Camilo Capiberibe, esse
irresponsável, chegou a afirmar na imprensa paga pelo dinheiro público que
asfaltamento era responsabilidade dos prefeitos. Numa clara alusão de que as
cidades de Macapá (capital) e Santana, as duas maiores do Estado teriam que
solucionar seus problemas urbanísticos com as expensas municipais. Macapá e
Santana viraram um caos. Os buracos tomaram conta das vias públicas das duas
principais cidades do Estado.
Paralelo a incompetência
administrativa os asseclas do governo, na maioria secretários áulicos começaram
a desandar a fazer corrupção no governo. As denúncias foram fartamente
divulgadas, mas o projeto de poder não estava limitado ao Poder Executivo.

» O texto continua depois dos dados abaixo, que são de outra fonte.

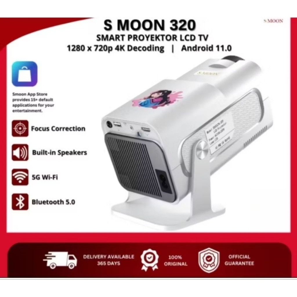 S Moon 320 Proyektor Smart Android LCD TV dengan Resolusi 1280x720p, Sistem Android 11.0, Koneksi Wi-Fi & Bluetooth 5.0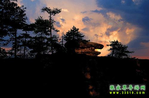 從黃石寨頂西邊下山時(shí),后卡門邊一頂部呈平展臺(tái)面的石峰上,一只長約5米的石龜頭部向前,作爬行狀。晴天,龜巖呈金黃色,故稱金龜。氣候的變化又可使其呈現(xiàn)各種不同顏色和形狀,故它又有“霧海金龜”、“金龜探海”、“落日金龜”等幾個(gè)別名。
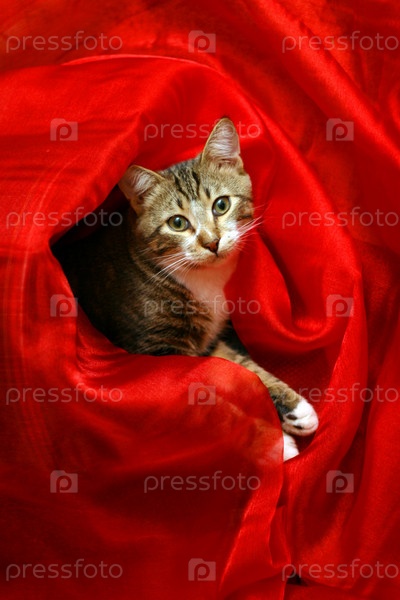 Кот на красном фоне
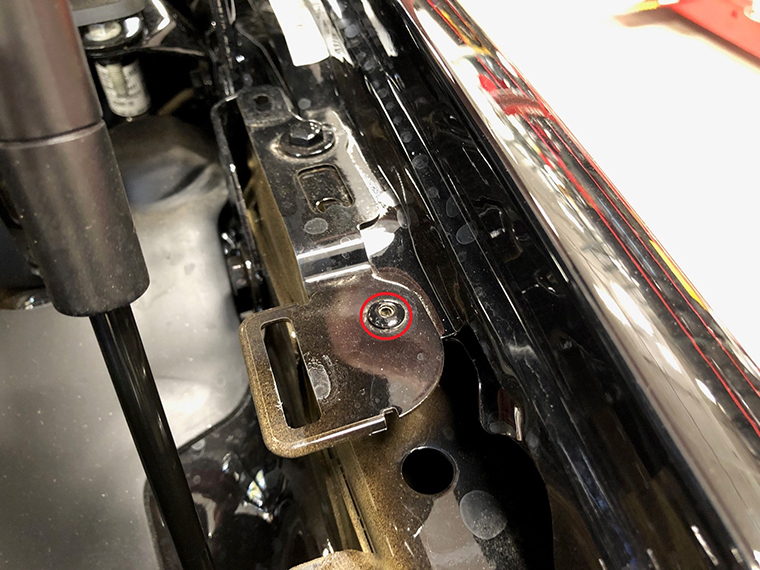 - Use a 10 mm deep socket to remove the bolt that attaches the LH apron attachment bracket to the body (torque 8 Nm).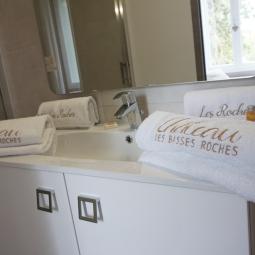 Les Roches: chambre familiale de 19m2 pour 2 adultes et 2 enfants, décoration cocooning en rez-de-chaussée, salle de bain privative avec douche.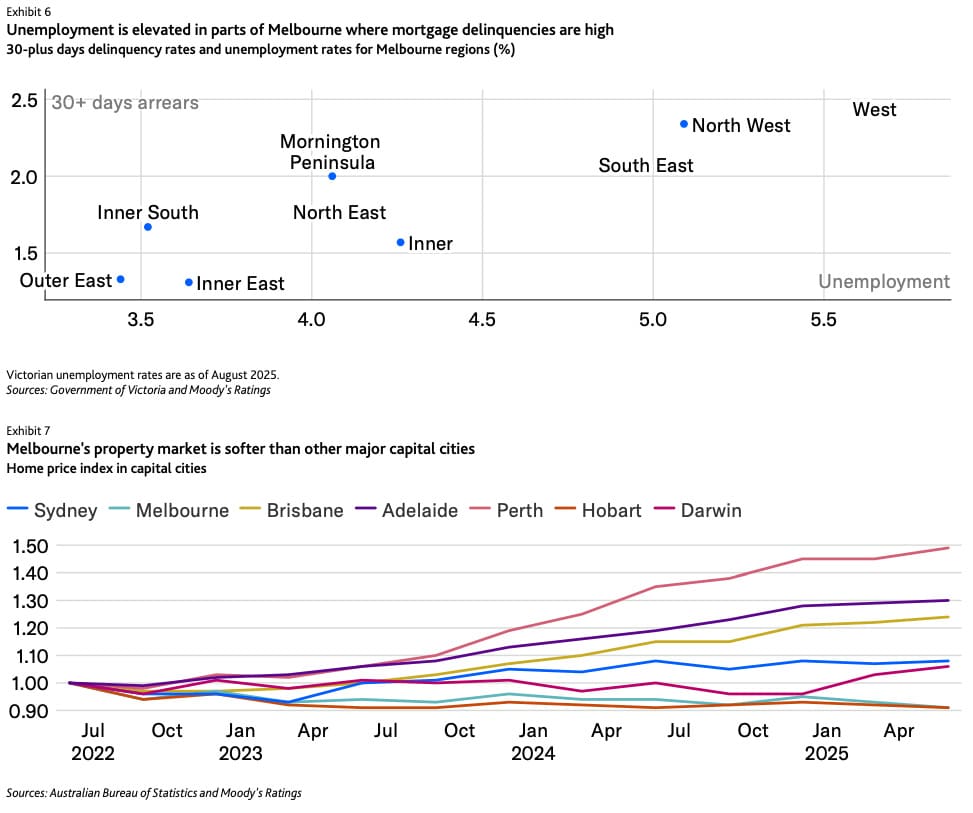 We expect parts of Melbourne where unemployment is relatively high and where the property market is soft will remain a weak spot for mortgage delinquencies over the next year. Mortgages on properties in Melbourne make up around 23% of the loans in Australian RMBS we rate.

Tinha capilaridade no Ministério Público e Tribunal de Justiça e, infelizmente,
setores dessas instituições deram guarida aos caprichos irresponsáveis do
governador Camilo, que tal qual Nero, colocou fogo no Amapá e da janela do seu
gabinete via, as gargalhadas, as chamas metafóricas de suas atrocidades
queimarem as possibilidades dos amapaenses.

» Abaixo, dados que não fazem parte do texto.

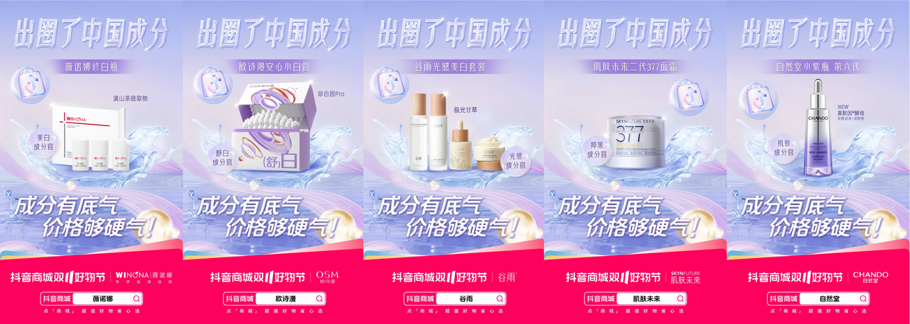 当下,美妆市场正面临建立中国品牌新范式的关键时刻,抖音电商成为国货品牌和消费者的重要纽带,为“中国成分”搭建舞台,国货品牌在台上各显其能,让更多的消费者认识“中国成分”,为国货品牌沉淀人群资产。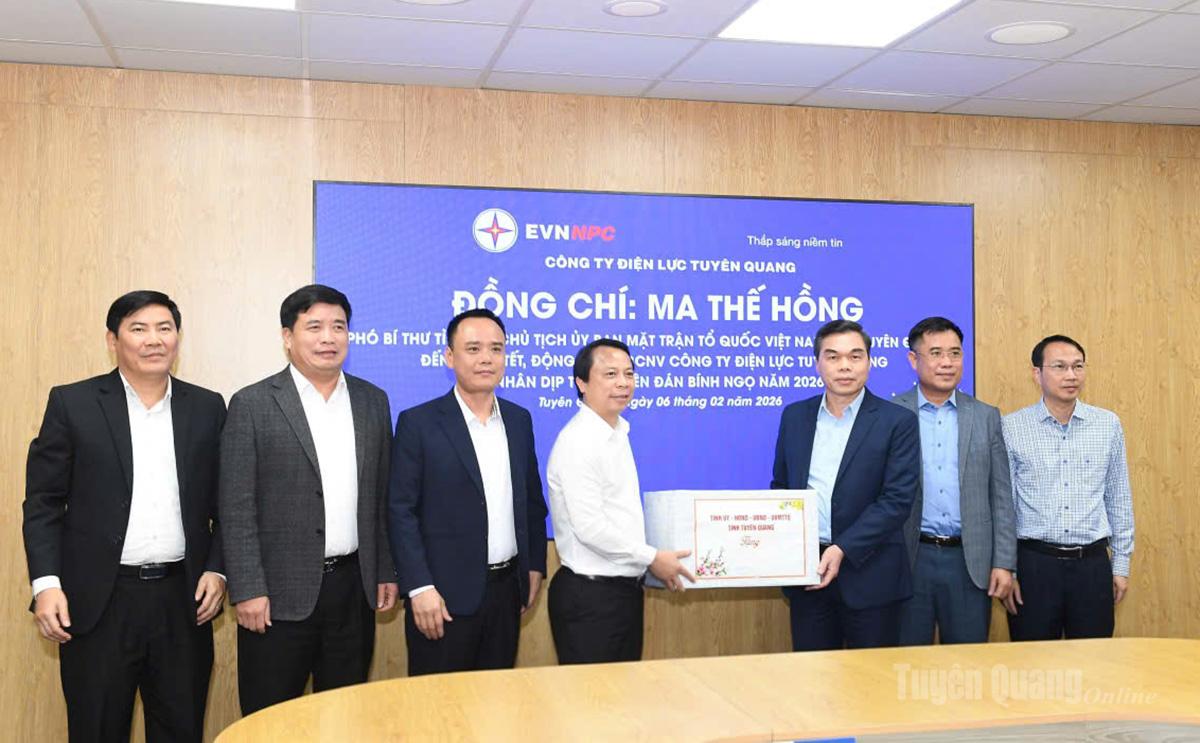 Phó Bí thư Tỉnh ủy, Chủ tịch Ủy ban MTTQ Việt Nam tỉnh Ma Thế Hồng tặng quà động viên cán bộ, nhân viên Công ty Điện lực Tuyên Quang.

Os micro e pequenos empresários
foram vítimas da insanidade camiliana. A ampliação da base da substituição
tributária levou alguns milhares de empreendedores irem à bancarrota. Mais os
choros e os rangeres de dente, não sensibilizou o protótipo de Hugo Chaves. A
dominação arbitrária, a ausência de diálogo era e é a tônica de um governo
vocacionado a destruir.
Os que não resistiram foram
caindo pelo caminho e outros tiveram a hombridade de declinar da participação
dessa comédia bufa. Foi o caso dos delegados de polícia que exerciam cargo de
confiança. Em conjunto num ato de protesto pelo sucateamento da polícia civil,
entregaram os cargos, numa solenidade no Palácio do Governo.

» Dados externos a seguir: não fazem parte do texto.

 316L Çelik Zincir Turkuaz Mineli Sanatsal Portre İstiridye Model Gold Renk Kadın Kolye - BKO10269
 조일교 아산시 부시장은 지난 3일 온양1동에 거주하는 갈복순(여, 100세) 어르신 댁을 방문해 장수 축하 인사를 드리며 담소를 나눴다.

O ano de 2014 foi a hora do acerto
de contas. O povo disse não a um governo que desavergonhadamente nos últimos
seis meses para findar essa malfadada gestão resolveu sair do papel de lobo e
se enfarpelar na pele de cordeiro. Trocou a caixa de “pandora”, aberta a exatos
três anos e seis meses, pela caixa de bondade. Fez parceria com Clécio,
conversou com servidores, fez pontes nas baixadas e não satisfeito, pois
percebia que a rejeição do governo era um sentimento permanente, distribuiu
favores a granel. Não adiantou. O povo já sabia separar o virtual do real, as
verdades das mentiras. Nas urnas, dia 5 de outubro, deu a vitória parcial a
Waldez Góes na eleição para o governo do Amapá e no dia 26 de outubro a população
confirmou o que as pesquisas já apontavam. Vitória tranquila de Waldez.
Mas a derrota fragorosa de Camilo
Capiberibe não o fez mudar sua conduta irresponsável. A mesma forma
desrespeitosa com que conduziu os desígnios do Amapá ao longo do seu mandato,
ele se comporta na fase transitória. Em todos os estados brasileiros a transição
se dá de forma natural. Aqui não. A transição acontece na maior falta de
respeito do governo derrotado. Não recebem a comissão, não facilitam acesso a
documentos e todos os tipos de manobras escusas para engessar o próximo governador
estão sendo perpetradas. Um calote generalizado nos prestadores de serviços e
terceirizados e no próprio servidor público. Quando se fala de governo Camilo,
a sensação que se tem é que ele e sua turma psicodélica sentam no gabinete e
riem aos borbotões de mim, e de todos os que se ocupam a criticá-los e a tentar
conceituar esse (des) governo. Riem a rolam pelo chão. O povo do Amapá não
merece isso.
Enquanto isso Ministério Público
e Tribunal de Justiça aqui na terra estão jogando futebol, alguns dias chove e
em outros faz sol, tudo isso para dizer aos doutos desembargadores, juízes,
promotores e procuradores que a coisa aqui tá preta.